> [Given data]

'''

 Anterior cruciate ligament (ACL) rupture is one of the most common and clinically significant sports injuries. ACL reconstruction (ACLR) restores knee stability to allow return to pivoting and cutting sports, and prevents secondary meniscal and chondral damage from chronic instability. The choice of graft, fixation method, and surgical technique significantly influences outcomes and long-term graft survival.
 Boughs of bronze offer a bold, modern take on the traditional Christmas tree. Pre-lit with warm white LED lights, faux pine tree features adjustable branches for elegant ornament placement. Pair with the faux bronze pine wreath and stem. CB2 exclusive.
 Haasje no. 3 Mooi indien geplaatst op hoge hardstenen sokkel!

'''
'''

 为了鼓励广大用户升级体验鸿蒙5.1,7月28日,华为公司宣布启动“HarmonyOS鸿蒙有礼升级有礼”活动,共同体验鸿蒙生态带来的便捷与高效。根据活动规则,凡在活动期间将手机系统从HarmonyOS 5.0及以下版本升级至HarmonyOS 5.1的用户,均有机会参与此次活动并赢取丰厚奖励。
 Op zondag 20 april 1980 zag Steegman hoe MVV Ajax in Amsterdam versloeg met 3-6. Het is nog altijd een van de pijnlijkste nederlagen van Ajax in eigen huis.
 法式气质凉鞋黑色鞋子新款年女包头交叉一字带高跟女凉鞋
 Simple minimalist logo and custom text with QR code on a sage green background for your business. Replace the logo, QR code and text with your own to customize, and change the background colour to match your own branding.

'''
'''

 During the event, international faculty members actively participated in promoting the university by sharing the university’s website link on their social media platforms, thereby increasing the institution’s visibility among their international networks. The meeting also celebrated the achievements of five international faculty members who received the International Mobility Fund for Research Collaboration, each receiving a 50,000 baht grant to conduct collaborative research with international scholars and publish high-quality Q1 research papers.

'''

> [Instructions to follow]
Using only the listing above, restate exactly the lines from the line containing "Anterior cruciate ligament" through the line containing "Haasje no. 3", both included.

> [The answer]
 Anterior cruciate ligament (ACL) rupture is one of the most common and clinically significant sports injuries. ACL reconstruction (ACLR) restores knee stability to allow return to pivoting and cutting sports, and prevents secondary meniscal and chondral damage from chronic instability. The choice of graft, fixation method, and surgical technique significantly influences outcomes and long-term graft survival.
 Boughs of bronze offer a bold, modern take on the traditional Christmas tree. Pre-lit with warm white LED lights, faux pine tree features adjustable branches for elegant ornament placement. Pair with the faux bronze pine wreath and stem. CB2 exclusive.
 Haasje no. 3 Mooi indien geplaatst op hoge hardstenen sokkel!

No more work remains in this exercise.